> _WORK REQUEST_:
Nothing but an exact copy is asked for: the lines in the material below from the one with "آئی سی سی انڈر" through the one with "The completed complex", pictures excluded.
::: DATA :::
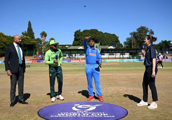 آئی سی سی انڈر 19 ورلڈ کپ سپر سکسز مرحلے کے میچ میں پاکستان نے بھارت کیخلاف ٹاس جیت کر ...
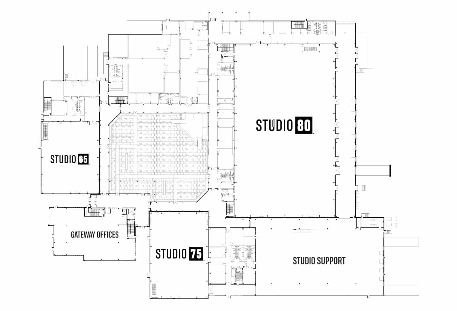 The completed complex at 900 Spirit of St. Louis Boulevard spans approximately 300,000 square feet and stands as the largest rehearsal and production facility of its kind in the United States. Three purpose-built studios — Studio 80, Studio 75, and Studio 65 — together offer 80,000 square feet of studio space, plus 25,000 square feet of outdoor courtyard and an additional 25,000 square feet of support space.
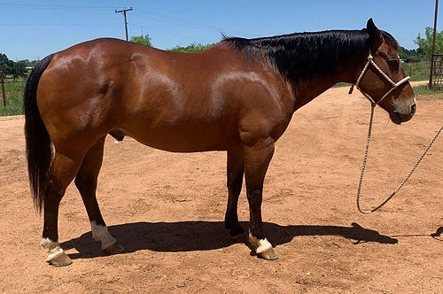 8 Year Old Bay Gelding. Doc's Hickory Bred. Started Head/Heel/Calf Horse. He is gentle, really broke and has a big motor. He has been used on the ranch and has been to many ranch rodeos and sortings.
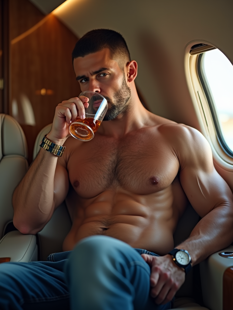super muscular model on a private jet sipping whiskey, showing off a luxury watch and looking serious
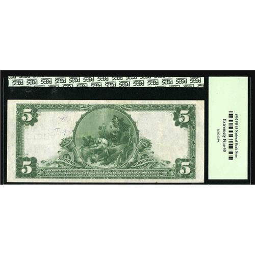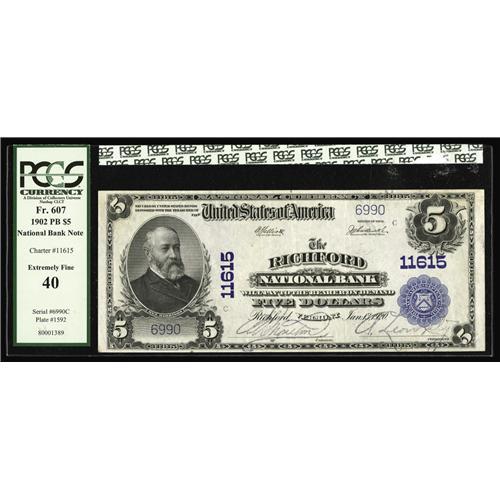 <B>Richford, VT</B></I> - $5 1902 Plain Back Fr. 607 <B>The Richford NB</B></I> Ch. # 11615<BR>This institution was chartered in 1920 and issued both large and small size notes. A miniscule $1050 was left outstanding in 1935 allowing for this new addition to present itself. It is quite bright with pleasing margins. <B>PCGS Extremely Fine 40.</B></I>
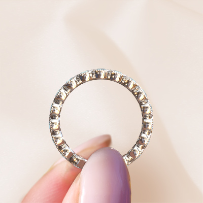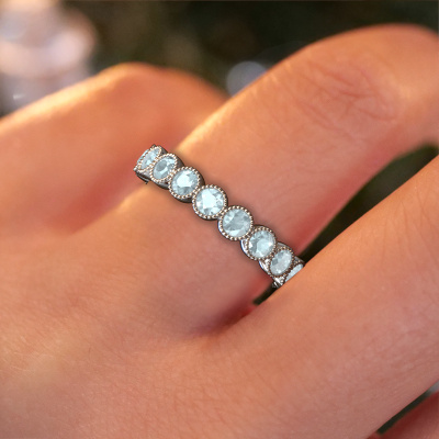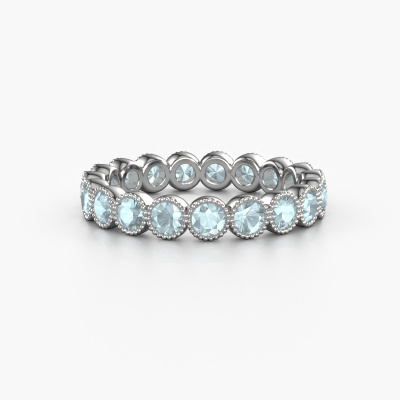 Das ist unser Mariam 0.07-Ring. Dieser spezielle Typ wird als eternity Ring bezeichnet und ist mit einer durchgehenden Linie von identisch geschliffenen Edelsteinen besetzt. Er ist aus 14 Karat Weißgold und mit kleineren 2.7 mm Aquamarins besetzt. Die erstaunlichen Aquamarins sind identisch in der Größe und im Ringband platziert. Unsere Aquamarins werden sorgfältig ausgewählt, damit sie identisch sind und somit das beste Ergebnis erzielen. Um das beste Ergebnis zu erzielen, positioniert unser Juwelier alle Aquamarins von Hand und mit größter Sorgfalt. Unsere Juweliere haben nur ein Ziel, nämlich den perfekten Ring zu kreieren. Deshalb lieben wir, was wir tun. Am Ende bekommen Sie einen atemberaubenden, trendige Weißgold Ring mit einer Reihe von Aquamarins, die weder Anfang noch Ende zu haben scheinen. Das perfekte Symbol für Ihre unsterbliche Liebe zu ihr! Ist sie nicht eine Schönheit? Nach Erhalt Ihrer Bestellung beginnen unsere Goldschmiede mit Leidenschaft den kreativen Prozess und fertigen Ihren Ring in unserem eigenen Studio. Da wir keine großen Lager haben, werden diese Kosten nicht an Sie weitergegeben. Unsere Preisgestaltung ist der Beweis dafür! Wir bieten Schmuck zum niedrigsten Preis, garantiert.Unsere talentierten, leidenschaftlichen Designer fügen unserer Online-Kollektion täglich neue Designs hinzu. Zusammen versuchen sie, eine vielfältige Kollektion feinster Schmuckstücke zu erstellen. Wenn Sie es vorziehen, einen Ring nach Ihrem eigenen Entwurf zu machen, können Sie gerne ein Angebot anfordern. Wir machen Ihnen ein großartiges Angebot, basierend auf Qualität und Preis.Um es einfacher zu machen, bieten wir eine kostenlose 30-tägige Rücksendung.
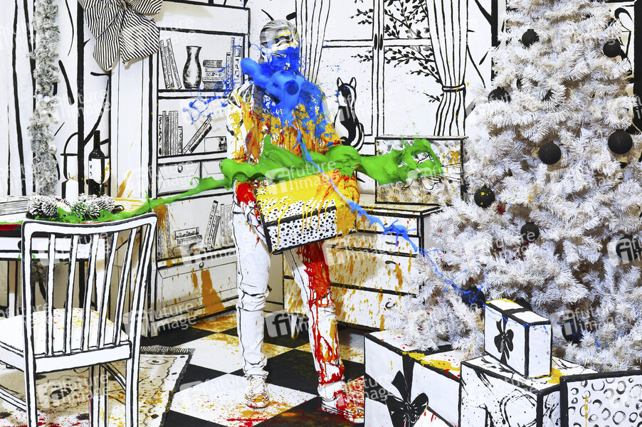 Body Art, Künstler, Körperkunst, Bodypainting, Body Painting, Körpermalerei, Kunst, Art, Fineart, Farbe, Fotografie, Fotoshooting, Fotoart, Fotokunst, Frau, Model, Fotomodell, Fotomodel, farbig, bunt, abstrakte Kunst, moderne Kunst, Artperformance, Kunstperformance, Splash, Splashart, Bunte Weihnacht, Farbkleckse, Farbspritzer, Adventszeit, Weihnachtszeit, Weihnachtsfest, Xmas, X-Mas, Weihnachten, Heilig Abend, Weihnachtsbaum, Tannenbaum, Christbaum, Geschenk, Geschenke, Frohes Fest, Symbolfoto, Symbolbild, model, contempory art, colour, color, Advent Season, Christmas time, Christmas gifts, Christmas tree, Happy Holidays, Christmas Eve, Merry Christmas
:::
::: DATA :::
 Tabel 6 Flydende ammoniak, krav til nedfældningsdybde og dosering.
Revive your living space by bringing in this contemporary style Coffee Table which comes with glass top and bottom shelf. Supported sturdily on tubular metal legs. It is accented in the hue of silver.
:::
::: DATA :::
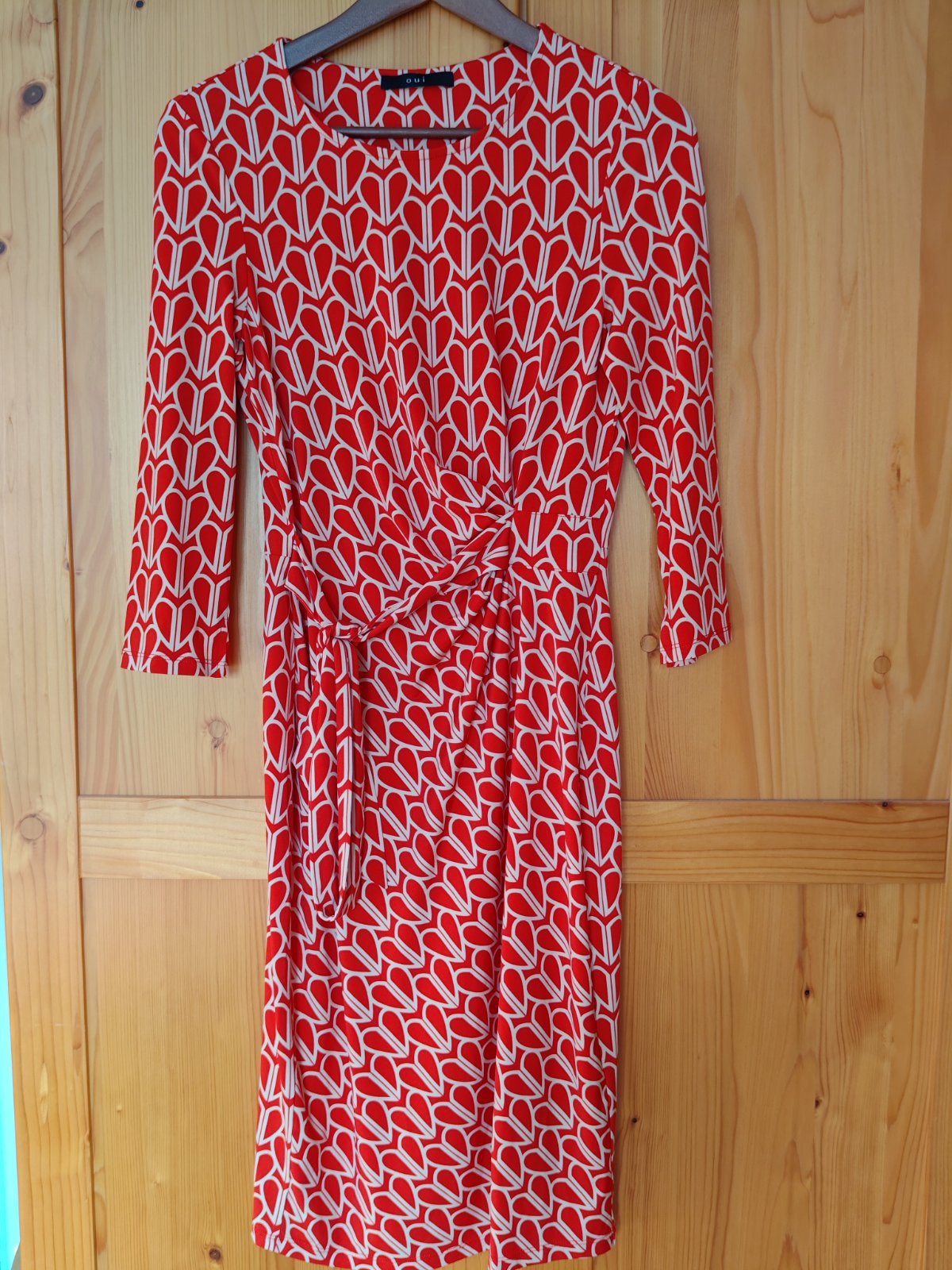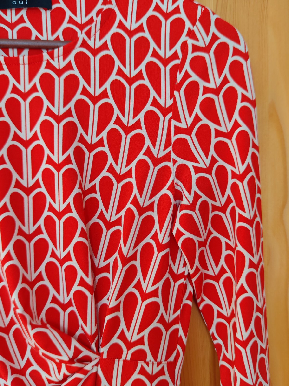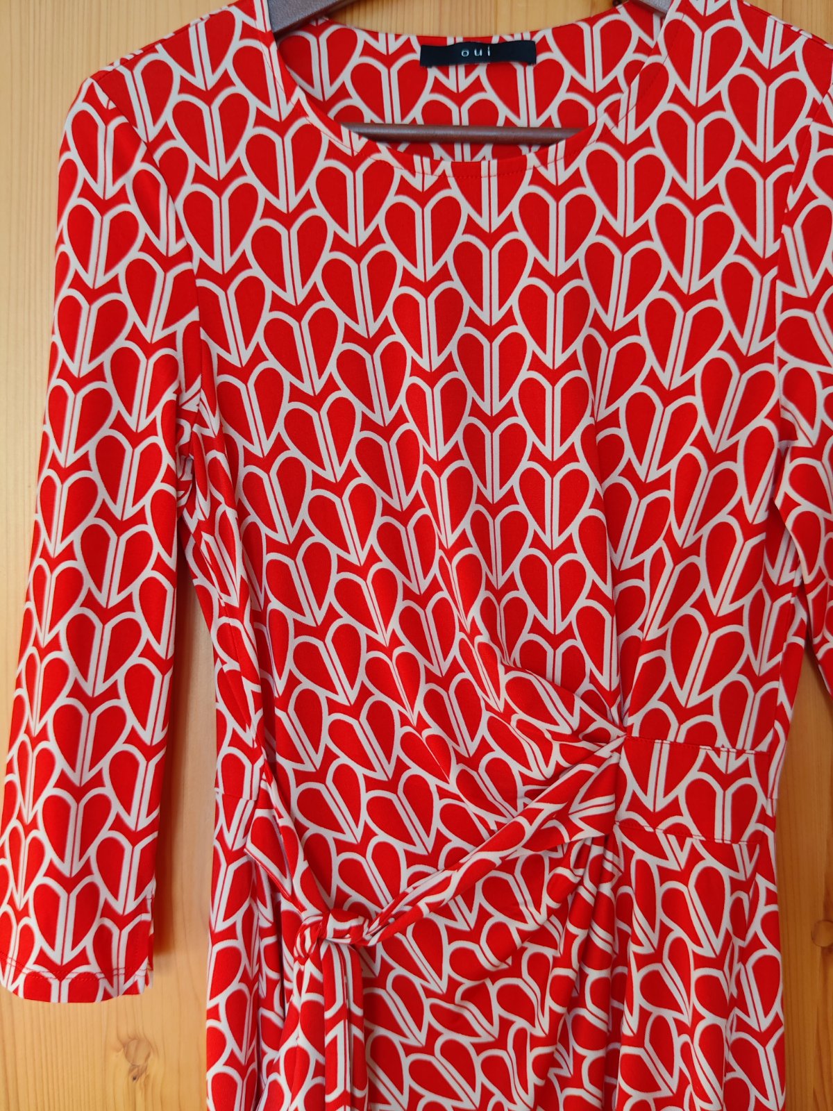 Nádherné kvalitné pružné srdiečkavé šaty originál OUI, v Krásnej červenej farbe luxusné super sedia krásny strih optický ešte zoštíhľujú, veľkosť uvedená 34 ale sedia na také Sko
:::
> _RESPONSE TO THE EXERCISE_:
 آئی سی سی انڈر 19 ورلڈ کپ سپر سکسز مرحلے کے میچ میں پاکستان نے بھارت کیخلاف ٹاس جیت کر ...
 The completed complex at 900 Spirit of St. Louis Boulevard spans approximately 300,000 square feet and stands as the largest rehearsal and production facility of its kind in the United States. Three purpose-built studios — Studio 80, Studio 75, and Studio 65 — together offer 80,000 square feet of studio space, plus 25,000 square feet of outdoor courtyard and an additional 25,000 square feet of support space.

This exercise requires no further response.